What is required:
What you return must be the lines from the first one below through the one containing "Absolutely killer unique", exactly and with pictures excluded.

Collected material:
________

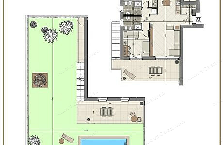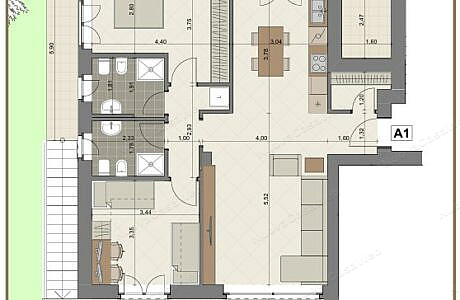 Appartamento “A1” posto al piano rialzato composto da ingresso, ripostiglio/lavanderia, ampio soggiorno con cucina abitabile con accesso terrazzo, spaziosa camera matrimoniale, ampia seconda camera, doppi servizi entrambi con finestra e secondo terrazzo. Completa la proprietà l’ampio giardino privato con patio coperto. Cantina inclusa nel prezzo. Disponibilità di box singolo o doppio.
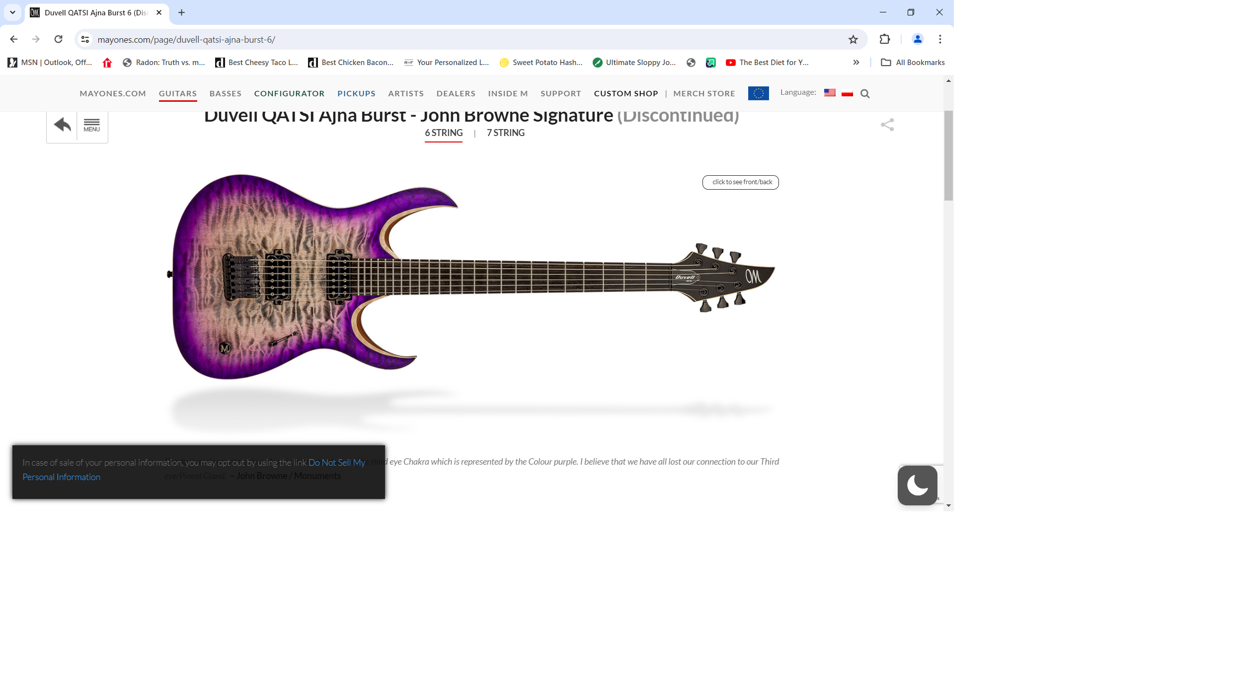 Absolutely killer unique Mayo Duvell. I've owned this guitar going on nine years, it is incredible and not many of these around. Fun fact, this is actually the very first John Brown Qatsi model ever built and was in John's possession for a while. You can still see this exact guitar on the Mayo site under their discontinued models (Screenshot of it below). I'm in the process of selling damn near everything to take care of life priorities and this pains me more than any piece of gear I'm letting go of.
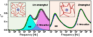 上海交大熊輝明教授課題組從相對(duì)簡(jiǎn)單的無(wú)熱體系出發(fā),設(shè)計(jì)構(gòu)建了兩類(lèi)體系:在纏結(jié)和非纏結(jié)的高分子熔體中引入不同體積分?jǐn)?shù)的小尺寸分子顆粒POSS (polyhedral oligomeric silsesquioxane);以及將高分子熔體限域在大尺寸的嵌段聚合物(PLLA-b-PBO)單晶納米片層形成的膠體液晶當(dāng)中。通過(guò)分子尺度上的化學(xué),作者可以很好地調(diào)控納米顆粒與高分子的相互作用,控制顆粒的尺寸分布以及分散性。對(duì)于高分子基體,作者選擇了聚環(huán)氧丁烷(PBO)。其原因:PBO可以通過(guò)陰離子活性聚合獲得分子量可控、分散度窄、末端明確的高分子;其玻璃化溫度較低,從而避免了納米復(fù)合體系制備中通常較高的工作溫度帶來(lái)的諸多問(wèn)題;更重要的是,PBO是一類(lèi)典型的Type-A型高分子,也就是PBO重復(fù)單元的偶極矩沿著主鏈累積可產(chǎn)生一個(gè)端-端矢量偶極。對(duì)這個(gè)端-端矢量偶極的檢測(cè)可以通過(guò)寬頻介電譜來(lái)進(jìn)行。一方面,端-端矢量偶極漲落的強(qiáng)度可以體現(xiàn)高分子鏈的尺寸;另一方面,它的快慢可以反映高分子鏈的整體運(yùn)動(dòng)。寬頻介電譜儀具有可精確控制的較寬的溫度范圍(-150 ℃ – 400 ℃)和頻率區(qū)間(10-2 Hz - 107 Hz)。因此,高分子多尺度的動(dòng)態(tài)過(guò)程諸如鏈段運(yùn)動(dòng)和鏈運(yùn)動(dòng)通常可以出現(xiàn)在同一個(gè)頻域窗口。寬頻介電譜在同步研究高分子分子動(dòng)力學(xué)及其統(tǒng)計(jì)構(gòu)象方面具有一定的優(yōu)勢(shì)。將其與探測(cè)力學(xué)松弛的流變學(xué)相結(jié)合,對(duì)高分子復(fù)合體系可以有一個(gè)較為獨(dú)特和多角度的認(rèn)識(shí)。
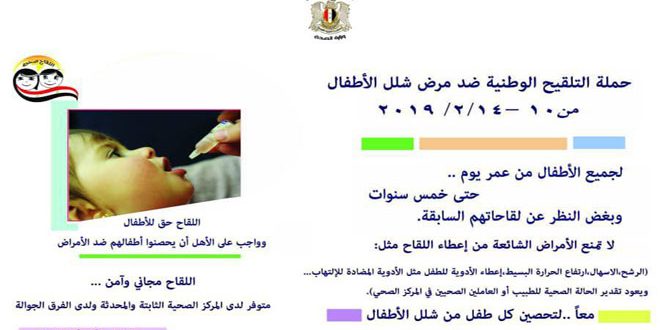 يذكر أن سورية أعلنت للمرة الأولى خالية من شلل الأطفال عام 1995 ليعود عام 2013 عبر عدة اصابات بالفيروس البري الباكستاني المنشأ حملته المجموعات الإرهابية المسلحة فأطلقت وزارة الصحة على أثرها سلسلة حملات تلقيح وطنية نجحت في قطع سراية الفيروس ولم يبلغ عن أي حالة جديدة منذ بداية عام 2014 لكن المرض عاد في حزيران عام 2017 بعد تسجيل إصابات بالفيروس المتحور في دير الزور لتتابع بعدها الوزارة حملات التلقيح التي وصلت حتى اليوم إلى 29 حملة وطنية.

________

Response to this task:
 Appartamento “A1” posto al piano rialzato composto da ingresso, ripostiglio/lavanderia, ampio soggiorno con cucina abitabile con accesso terrazzo, spaziosa camera matrimoniale, ampia seconda camera, doppi servizi entrambi con finestra e secondo terrazzo. Completa la proprietà l’ampio giardino privato con patio coperto. Cantina inclusa nel prezzo. Disponibilità di box singolo o doppio.
 Absolutely killer unique Mayo Duvell. I've owned this guitar going on nine years, it is incredible and not many of these around. Fun fact, this is actually the very first John Brown Qatsi model ever built and was in John's possession for a while. You can still see this exact guitar on the Mayo site under their discontinued models (Screenshot of it below). I'm in the process of selling damn near everything to take care of life priorities and this pains me more than any piece of gear I'm letting go of.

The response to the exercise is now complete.